The present case does not give rise to any difficulties on this point as regards distinguishing the applicant from the authorities and persons who benefit from the abolition of the intervention rules, that is to say, the national intervention agencies and the buyers of raw beet sugar. However, it may also seem appropriate to distinguish undertakings which deal solely in raw beet sugar — whether any exist we do not know — and also undertakings which manufacture both raw beet sugar and white sugar, that is, the end product of the processing of raw beet sugar. Compared with these undertakings, the applicant (like other producers of raw sugar) is in fact in a special situation for the reason that the abolition of the sales guarantee for raw beet sugar could threaten its existence. According to the predictions which it is possible to make today in view of the excess of sugar production within the Community and the world market prices which are below the Community level (thus discouraging exports), the possibility cannot be excluded that the abolition of the intervention rules in respect of raw beet sugar in 1970 could entail serious economic difficulties for the applicant, since on the one hand it is still obliged to pay minimum prices to the beet producers whereas on the other it has no guarantee of being able to sell its products to the processers at reasonable prices which also take account of the costs of transport. Thus it is that the abolition of sales guarantees may give rise to the necessity for reorientations which undoubtedly hit those manufacturing only raw beet sugar much harder than undertakings whose production is mixed, or even dealers.

I would therefore take the view that, no matter how far the class of persons affected by the measure is extended, it seems entirely appropriate to accept that the applicant like other manufacturers of raw beet sugar, is individually concerned in the sense of our case-law.

That the applicant is in addition, as Article 173 also requires, directly concerned, does not call for lengthy comment.
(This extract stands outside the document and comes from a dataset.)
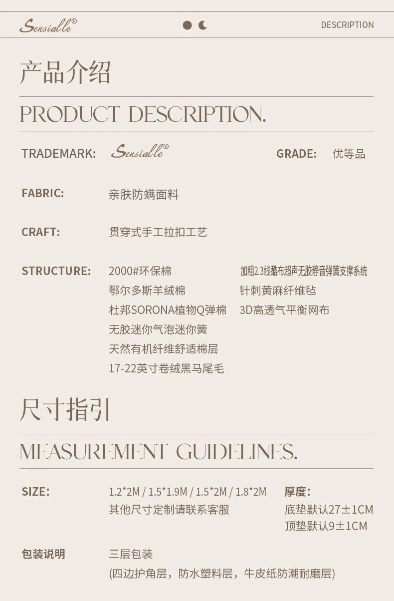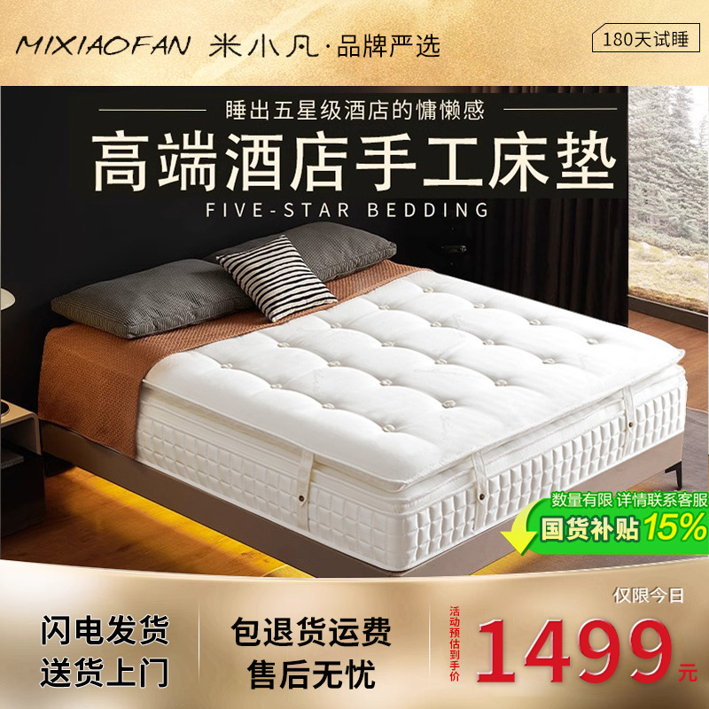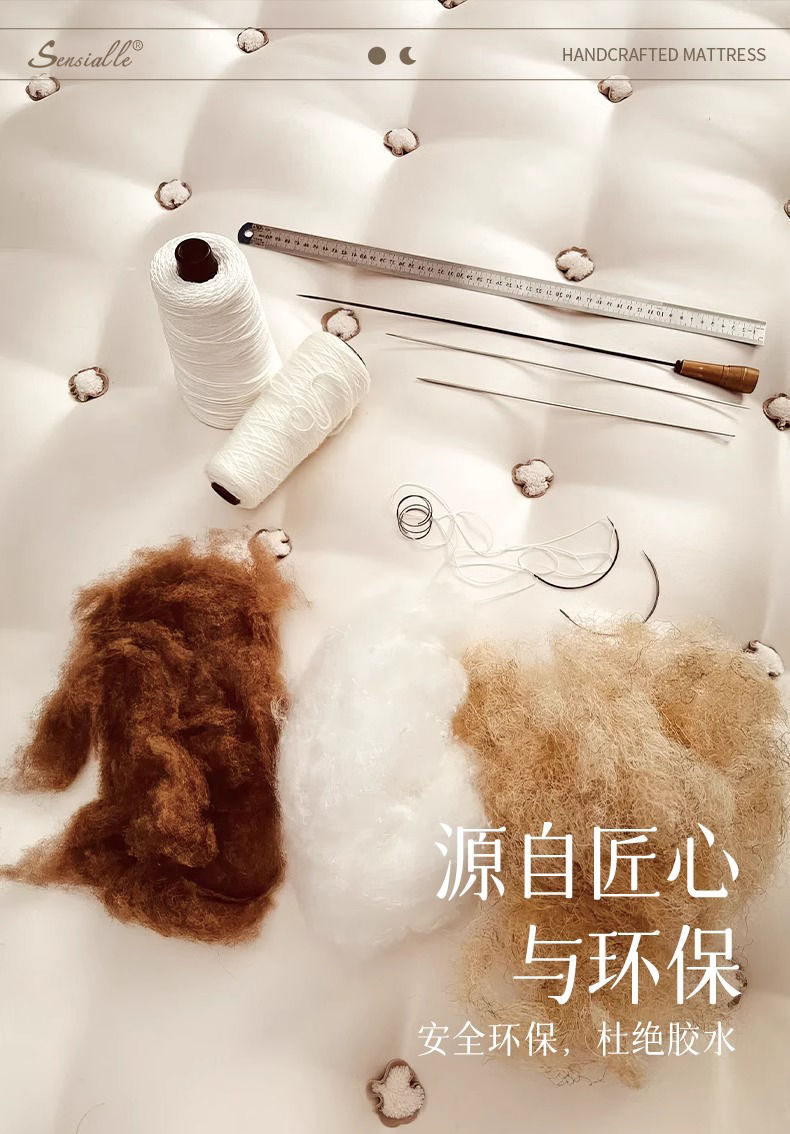 马尾毛纯手工床垫拉扣无胶水天然独立袋弹簧床垫五星级酒店软床垫

In its pleadings and in its oral submissions it has convincingly said all that is necessary on this point, and the Council has made no observations thereon. It is enough that in fact the legal effects of the contested rules will apply to the applicant at the time prescribed without the necessity of any measures of execution.

All told, I see no reason for doubting the admissibility of the application.

This leads me to express the following opinion:

Should the Court not find it preferable to reserve its decision on admissibility for the final judgment pursuant to Article 91(4) of the Rules of Procedure, it should be declared that the application is admissible. At the same time a new time-limit must be prescribed for the Council to lodge a full statement of defence. The decision on costs should only be given in the final judgment.


( 1 ) Translated from the German.

( 2 ) Allgemeiner Rechtssatz und Einzelakt, Die öffentliche Verwaltung 1964, pp. 522 et seq.

( 3 ) Verwaltungsarchiv 1964, p. 384.

( 4 ) Verwaltungsgerichtshof (Higher Administrative Court), Kassel, Neue Juristische Wochenschrift 1964, p. 564.

( 5 ) Deutsches Verwaltungsblatt 1961, p. 247.

( 6 ) Neue Juristische Wochenschrift 1961, p. 2077.

( 7 ) Verwaltungsarchiv 1964, p. 76.

( 8 ) Entscheidungen des Bundesverwaltungsgerichts 16, p. 312.